* [TRY IT]: Print exactly the lines below between the line containing "从历史上看,9月份一直是资本" and the line containing "- Приятная цветовая", counting both of those lines. Leave pictures out.

---------- THE INPUT ----------

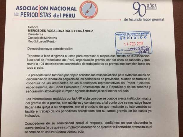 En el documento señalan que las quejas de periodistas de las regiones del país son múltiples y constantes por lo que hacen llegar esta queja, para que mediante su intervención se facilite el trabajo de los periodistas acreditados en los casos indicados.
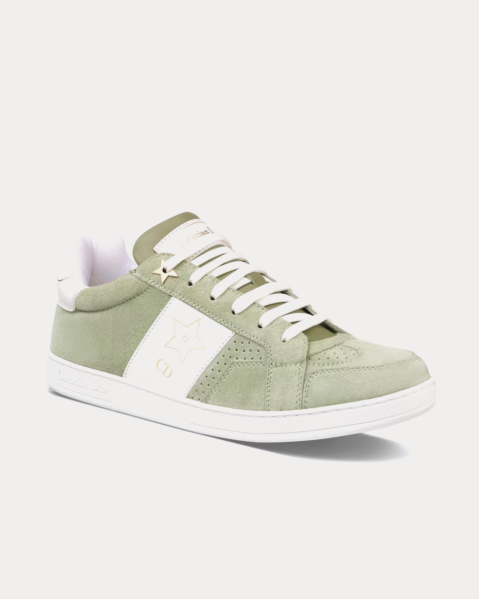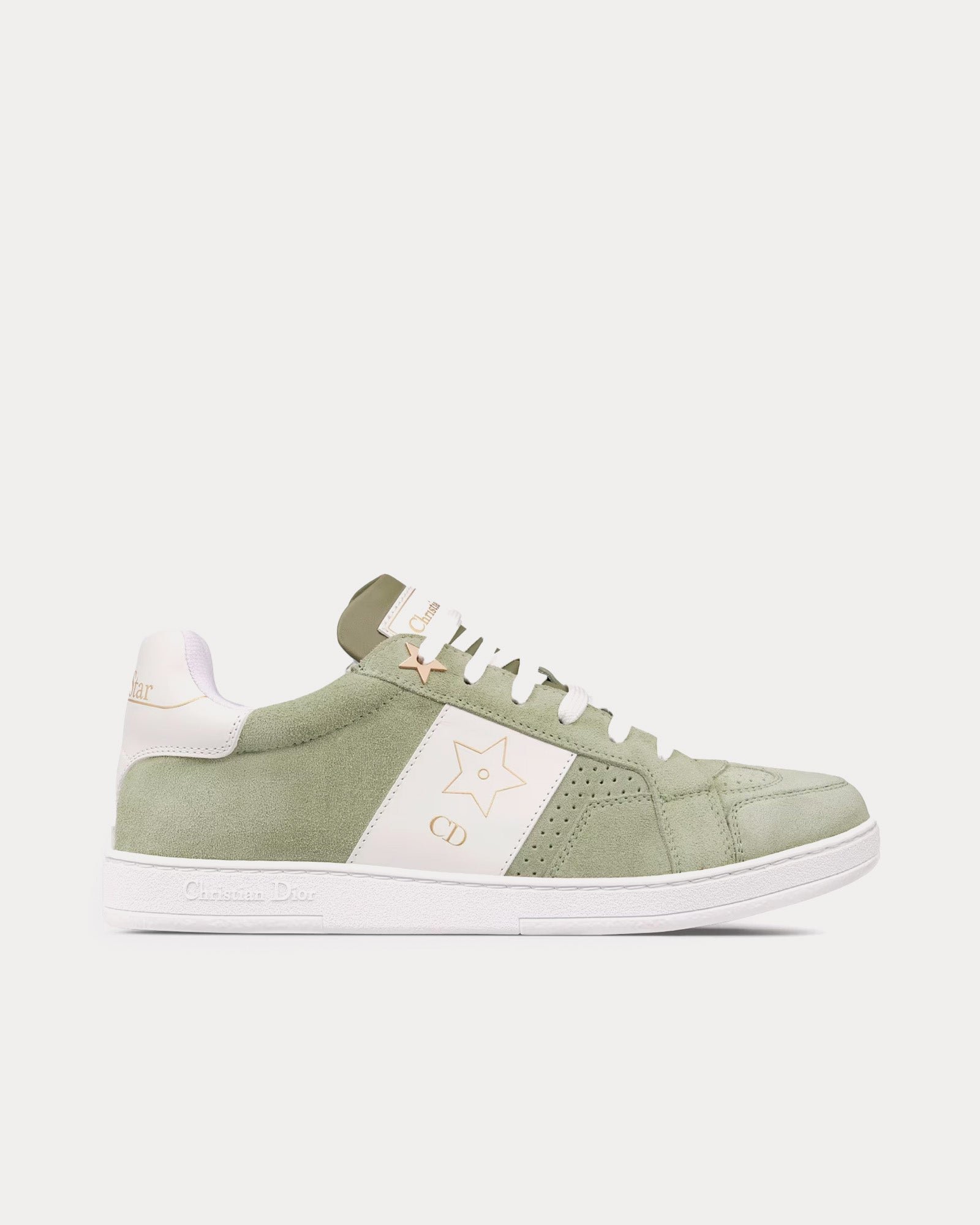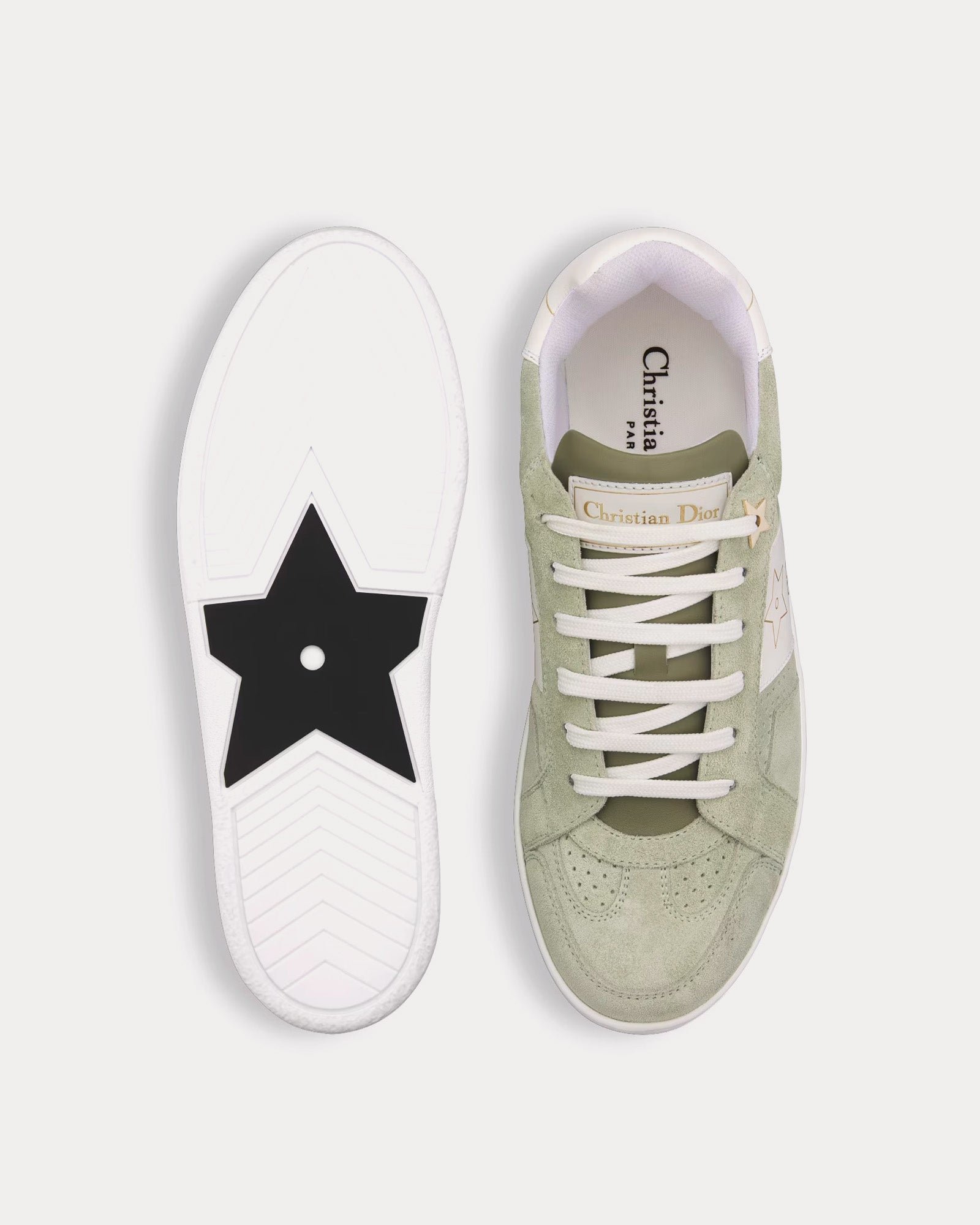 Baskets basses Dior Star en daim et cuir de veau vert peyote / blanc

----------
---------- THE INPUT ----------

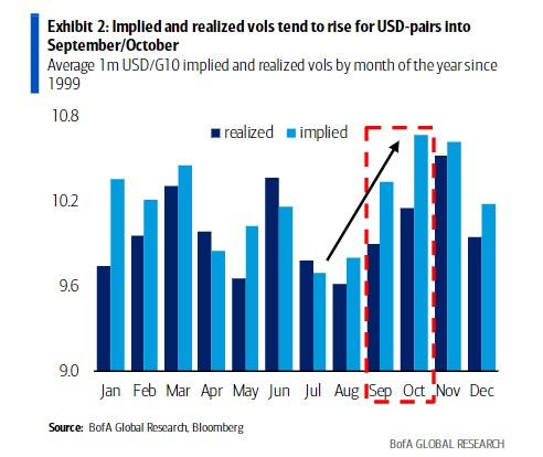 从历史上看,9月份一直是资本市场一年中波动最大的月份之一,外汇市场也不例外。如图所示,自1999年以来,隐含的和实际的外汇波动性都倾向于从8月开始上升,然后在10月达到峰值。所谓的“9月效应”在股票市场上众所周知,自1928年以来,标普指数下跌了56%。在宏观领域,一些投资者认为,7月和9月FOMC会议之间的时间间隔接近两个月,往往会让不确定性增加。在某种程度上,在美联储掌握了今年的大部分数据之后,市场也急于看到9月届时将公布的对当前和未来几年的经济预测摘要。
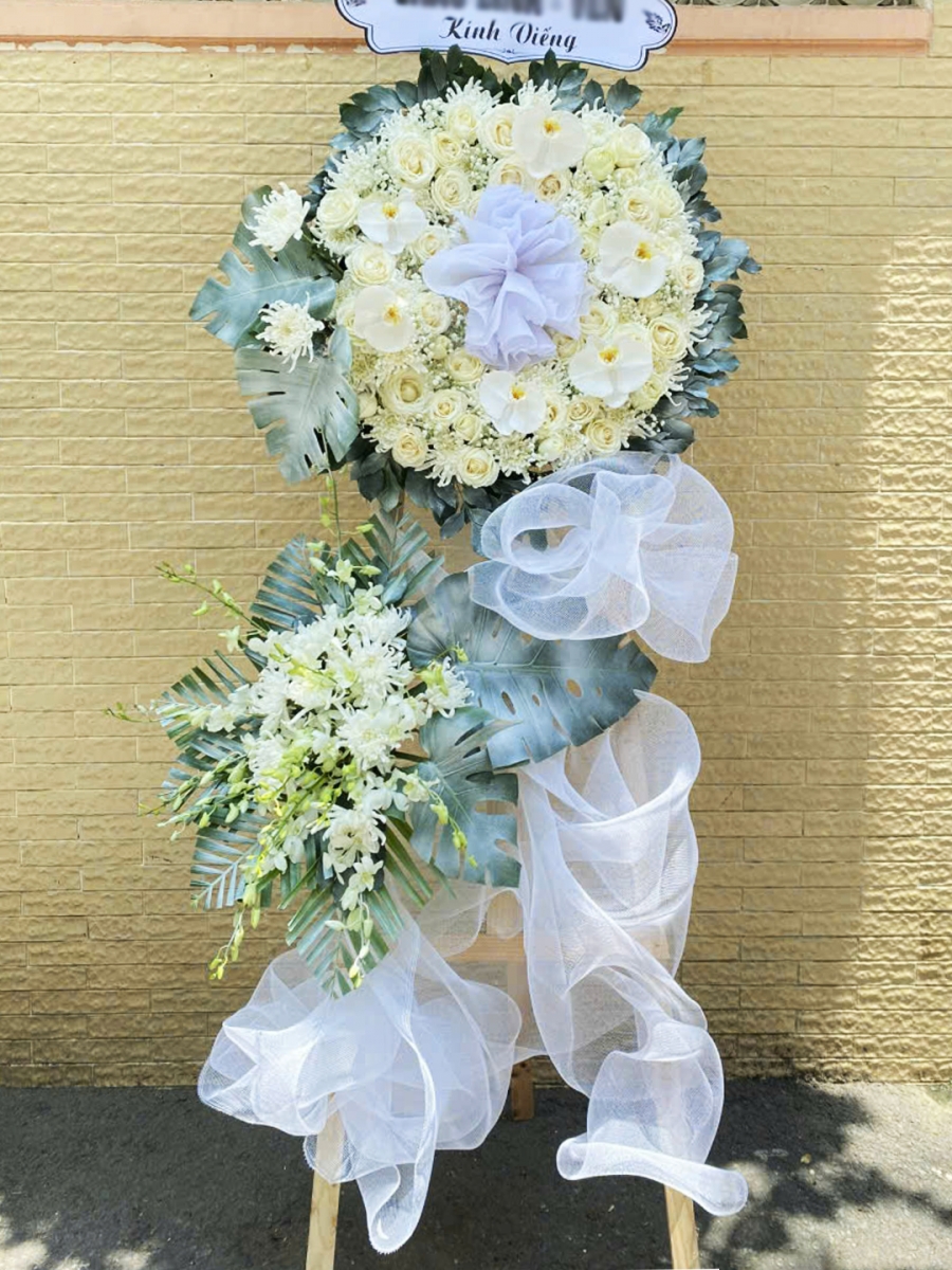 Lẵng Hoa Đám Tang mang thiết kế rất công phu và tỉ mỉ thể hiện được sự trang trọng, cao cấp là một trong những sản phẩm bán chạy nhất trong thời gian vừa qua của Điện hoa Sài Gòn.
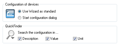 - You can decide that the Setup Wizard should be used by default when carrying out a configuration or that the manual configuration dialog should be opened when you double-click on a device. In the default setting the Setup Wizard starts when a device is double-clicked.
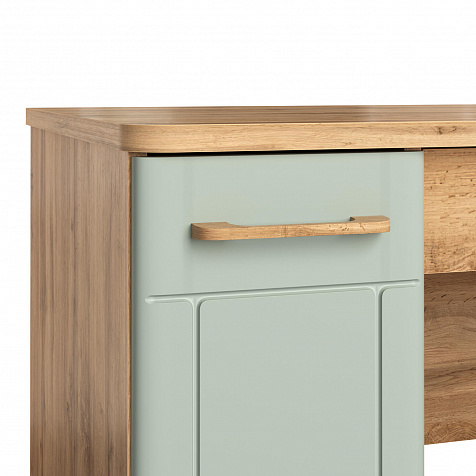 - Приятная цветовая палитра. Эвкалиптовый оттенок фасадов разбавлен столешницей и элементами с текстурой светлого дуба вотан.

----------

* [WRITTEN RESPONSE]:
 从历史上看,9月份一直是资本市场一年中波动最大的月份之一,外汇市场也不例外。如图所示,自1999年以来,隐含的和实际的外汇波动性都倾向于从8月开始上升,然后在10月达到峰值。所谓的“9月效应”在股票市场上众所周知,自1928年以来,标普指数下跌了56%。在宏观领域,一些投资者认为,7月和9月FOMC会议之间的时间间隔接近两个月,往往会让不确定性增加。在某种程度上,在美联储掌握了今年的大部分数据之后,市场也急于看到9月届时将公布的对当前和未来几年的经济预测摘要。
 Lẵng Hoa Đám Tang mang thiết kế rất công phu và tỉ mỉ thể hiện được sự trang trọng, cao cấp là một trong những sản phẩm bán chạy nhất trong thời gian vừa qua của Điện hoa Sài Gòn.
 - You can decide that the Setup Wizard should be used by default when carrying out a configuration or that the manual configuration dialog should be opened when you double-click on a device. In the default setting the Setup Wizard starts when a device is double-clicked.
 - Приятная цветовая палитра. Эвкалиптовый оттенок фасадов разбавлен столешницей и элементами с текстурой светлого дуба вотан.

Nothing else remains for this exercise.